Start of DATA TO USE

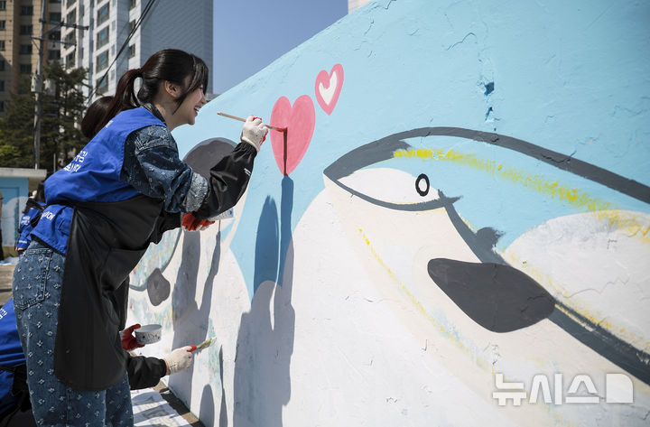[서울=뉴시스] 정병혁 기자 = 복권위원회 홍보대사인 배우 박하선이 29일 서울 은평구 꿈나무마을 파란꿈터에서 열린 복권위원회 행복공감봉사단, 취약 아동 및 청소년 위한 새봄맞이 환경 개선 봉사활동에서 수영장 벽화를 칠하고 있다. 2025.04.29. [email protected]
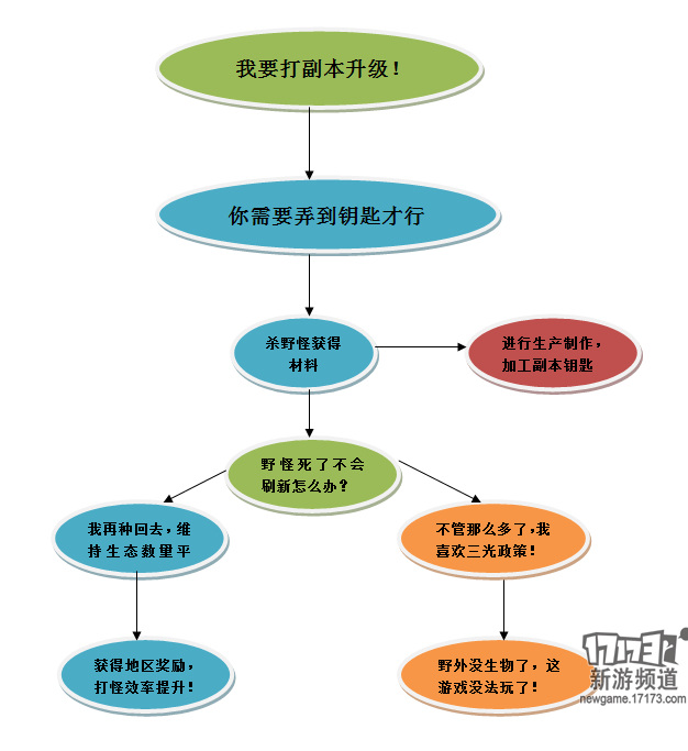 《沃土》在宣传上一直提到“生态”系统,而且将会关涉到游戏里的各个环节,我这里就简单为大家绘制了一份《沃土》的玩法关系示意图,看完之后就应该能够明白大概:
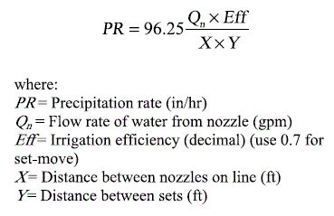 Use this first form to determine the effective application rate of sprinklers spaced at uniform distances from each other. This is particularly applicable to hand-move, or wheel-line, irrigation systems. The pressure is measured at the sprinkler nozzle. The head spacing is the distance between sprinkler heads along the water line, and the line spacing is the distance between lines in the field. If there is just one line being moved and the spray patterns overlay, as is typical for hand-move or wheel-line, then the actual application rate will be lower but the given number will be useful to determine set times. Learn more about the units used on this page.
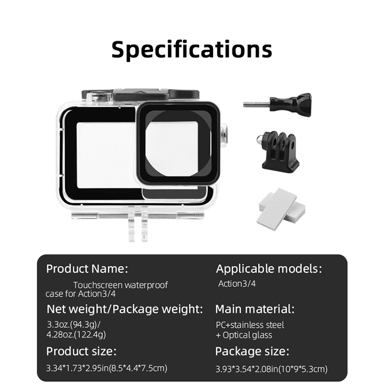 Touchscreen Waterproof Case Camera Accessories for DJI OSMO Action 3/4 Camera
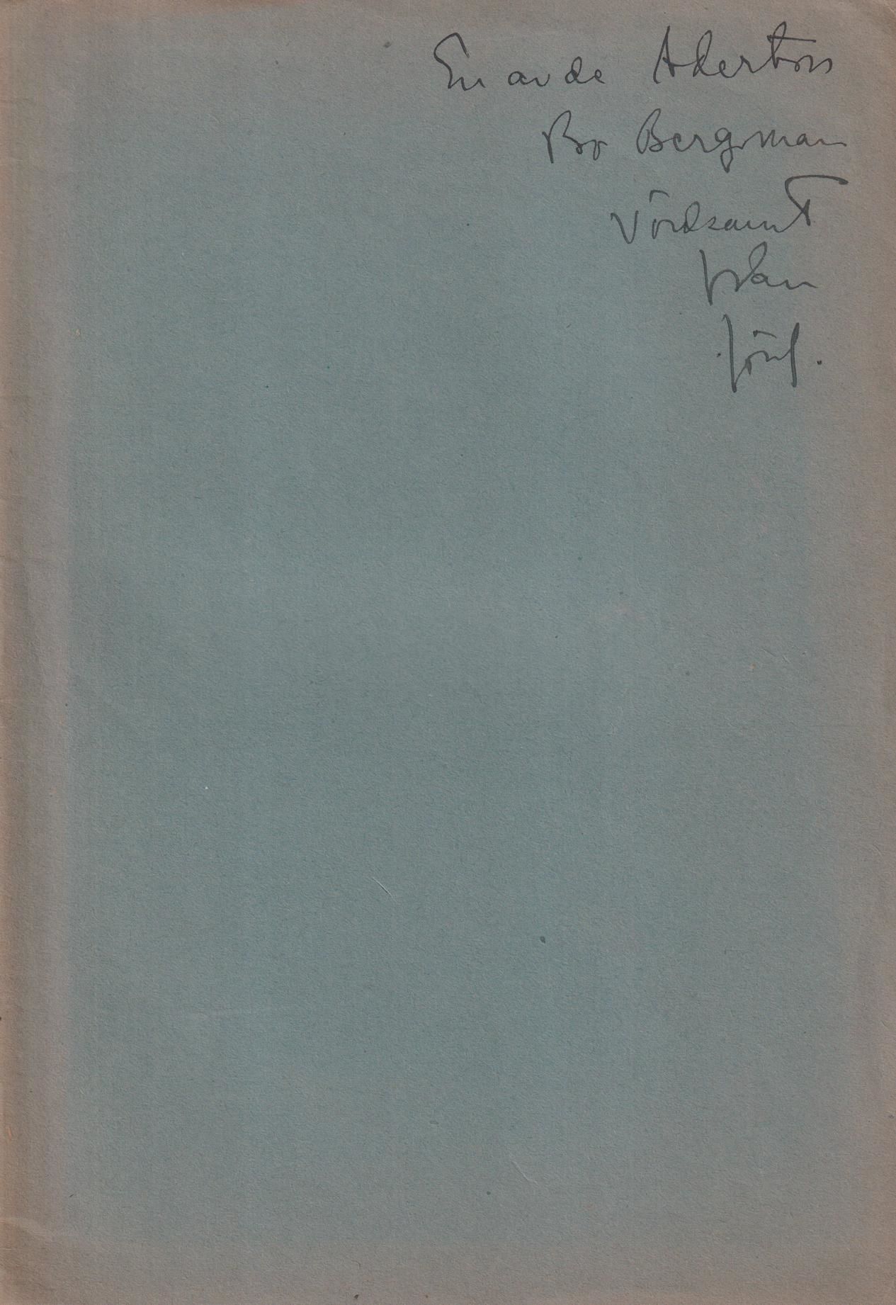 [Stockholm, Alb. Bonniers boktr., 1913]. 8:o. s. [270]-279. Illustrerad. Klammerhäftad med styvt något ojämnt solbränt pappersomslag. Tillskrift ‘En av de Aderton / Bo Bergman / vördsamt från / förf.’ på främre omslag.
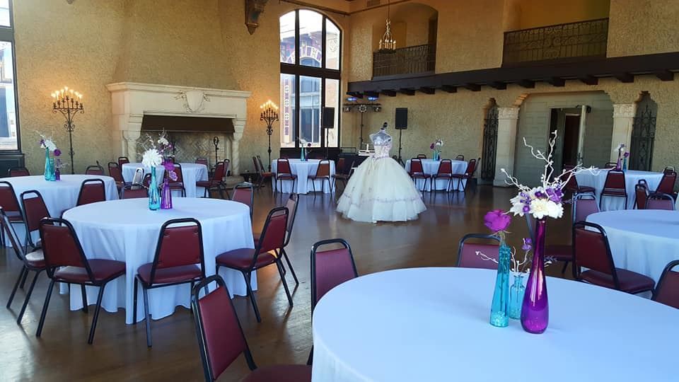 This hidden jewel provides a unique location to hold your special event such as a wedding, reception, holiday party, birthday party, business meeting, etc. This space is lovely with simple or elaborate decorations. The Hamilton Ballroom can accommodate 100 - 125 guests for a sit-down function such as a dinner party.
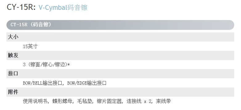 商品名称:Roland CY-15R三触发镲片
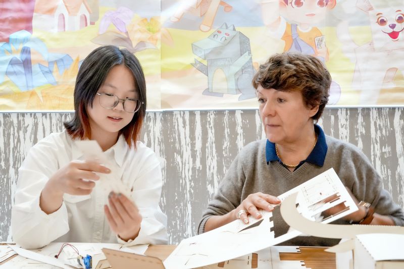 最打动贝尔纳博的是,教室里女孩成了主角。女性好参与的传帮带模式,让她连连称赞:“这是女性力量的代际接力!”她现场体验折纸编程,笑称“感觉自己也变年轻了”。“这不仅是一堂课,更是一扇门。”她说,“它为乡村孩子,尤其是女孩,打开了通往科技世界的大门。”

End of DATA TO USE

_ASSIGNED TASK_
What is needed is an exact repeat of the records, with every picture left out.

_TASK SOLUTION_
[서울=뉴시스] 정병혁 기자 = 복권위원회 홍보대사인 배우 박하선이 29일 서울 은평구 꿈나무마을 파란꿈터에서 열린 복권위원회 행복공감봉사단, 취약 아동 및 청소년 위한 새봄맞이 환경 개선 봉사활동에서 수영장 벽화를 칠하고 있다. 2025.04.29. [email protected]
 《沃土》在宣传上一直提到“生态”系统,而且将会关涉到游戏里的各个环节,我这里就简单为大家绘制了一份《沃土》的玩法关系示意图,看完之后就应该能够明白大概:
 Use this first form to determine the effective application rate of sprinklers spaced at uniform distances from each other. This is particularly applicable to hand-move, or wheel-line, irrigation systems. The pressure is measured at the sprinkler nozzle. The head spacing is the distance between sprinkler heads along the water line, and the line spacing is the distance between lines in the field. If there is just one line being moved and the spray patterns overlay, as is typical for hand-move or wheel-line, then the actual application rate will be lower but the given number will be useful to determine set times. Learn more about the units used on this page.
 Touchscreen Waterproof Case Camera Accessories for DJI OSMO Action 3/4 Camera
 [Stockholm, Alb. Bonniers boktr., 1913]. 8:o. s. [270]-279. Illustrerad. Klammerhäftad med styvt något ojämnt solbränt pappersomslag. Tillskrift ‘En av de Aderton / Bo Bergman / vördsamt från / förf.’ på främre omslag.
 This hidden jewel provides a unique location to hold your special event such as a wedding, reception, holiday party, birthday party, business meeting, etc. This space is lovely with simple or elaborate decorations. The Hamilton Ballroom can accommodate 100 - 125 guests for a sit-down function such as a dinner party.
 商品名称:Roland CY-15R三触发镲片
 最打动贝尔纳博的是,教室里女孩成了主角。女性好参与的传帮带模式,让她连连称赞:“这是女性力量的代际接力!”她现场体验折纸编程,笑称“感觉自己也变年轻了”。“这不仅是一堂课,更是一扇门。”她说,“它为乡村孩子,尤其是女孩,打开了通往科技世界的大门。”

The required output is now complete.